Friday, July 25, 2008

What's Up, Doc?

Cycling begets rabbits.

Once again, I have proof.

I lived for more than 40 years before I got "serious" about biking. Throughout all of those years, I never owned a rabbit.

Now that I am into biking and racing, I own a bunny.


Penny (center): With integrated shit levers.



It isn't mere happenstance, like when you're driving down the street at night and a street light goes black just as you pass it, or when Dave S. wins a prime at Westlake. No, in this case, there is a direct cause-effect relationship between biking and bunnying. So consider this a warning.

Here's the story:

I knocked a rim out of true in a wreckful race last spring, and it sat around for three months. Each time I went to Bike Authority, I'd forget it, and with no plans (no money) to go there anytime soon, I decided to have a friend true it for me. So on Saturday, I loaded my kids in the car and headed out to finally cross off that chore.

Little did I know how that alignment would cause things to align.

My girls had been pestering us for a hamster, guinea pig, rabbit -- some kind of rodent -- for months. But we've managed to put them off and stall, despite whining and begging that rivaled fund-drive week on PBS. We didn't have the money to drop $20 on a bunny and another $60 or $80 on cage and accessories.

Maybe God will send us one someday, I think I told them, lamely.

Alas, just after leaving the wheel guy's place, while the girls chattered at each other like squirrels, I saw a sign.

It was a piece of cardboard tied to a phone pole in front of a house, with the words "Bunny -- Free to a Good Home" inscripted. "Comes with cage, food and more."

The car stopped. I told the squirrels to sit tight. I walked up to the house.

Five minutes later, I hopped out carrying a cage, some Timothy hay and some rabbit chow. And a rabbit the size of a cat.

Now my side porch is covered with rabbit pellets. Our arms -- mine and my kids' -- look like Amy Winehouse's, but it's only rabbit clawings. My dog, who is an ace with two (wild) rabbit kills and four squirrels to her credit, is completely apoplectic, not knowing whether to kill the thing for fun or out of jealous hatred.

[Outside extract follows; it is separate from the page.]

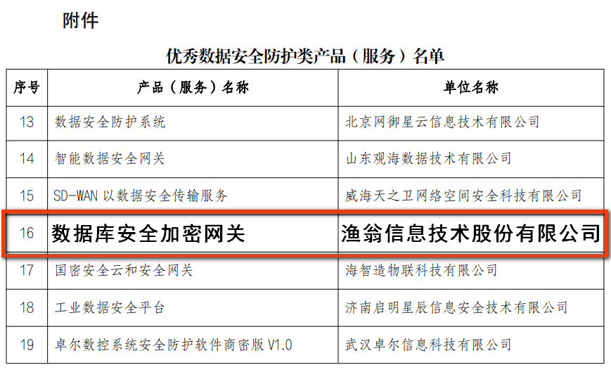 近期,山东省工业和信息化厅组织召开了2022年度山东省工业领域数据安全优秀产品、服务和应用解决方案评选工作,并对评选结果进行了公示。J9国际站 J9信息自主研发的“数据库安全加密网关”产品,凭借先进技术和创新优势,成功入选“优秀数据安全防护类产品”名单。

If I had no bikes, I wouldn't have had a wheel that needed truing. If I had no wheel in need of truing, I wouldn't have been in Willoughby. If I hadn't been in Willoughby, I wouldn't have seen the sign.

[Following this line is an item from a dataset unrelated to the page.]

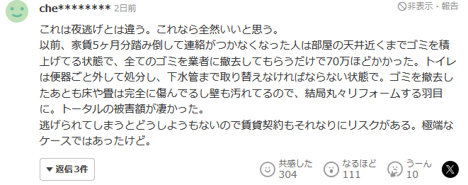 以前,有個租賃5個月的人突然聯繫不到,將垃圾堆到房間天花板附近,只讓人清理所有垃圾,就花了70萬左右。廁所連同馬桶也必須拆下處理,甚至下水管也要更換。清理垃圾後,發現地板和榻榻米也完全損壞,牆壁也很髒,結果只能全部重新裝修。總損失數額驚人。

And I wouldn't have a rabbit.

I hope biking doesn't lead to anything else, like lemurs, saigas or star-nosed moles.

We're running out of room.

- JN

Monday, July 14, 2008

Don't Change for Me

Just before bedtime last night, I left my wallet on one of the un-hooked-up stereo speakers that have been "temporarily" sitting in my bedroom since we needed some extra space in the living room to put up the Christmas tree.

I almost always leave my wallet in the kitchen. But I didn't feel like going all the way downstairs and clear across the estate home to put it there, and the butler was sleeping.

To my mother, this morning would have been all too predictable. In grade school, I would fail to put my shoes where they belong and then work myself into a stomping, crying frenzy in the morning, screaming, "Who moved my shoes?!?" Naturally, when it was time to leave today and I was already 20 minutes late, I could not find the wallet. I wasted another 10 minutes looking for it and was about to ride eight miles out of my way to my wife's car in South Euclid because I was sure it was there. Then I took one last look, which is when I found it where it shouldn't have been.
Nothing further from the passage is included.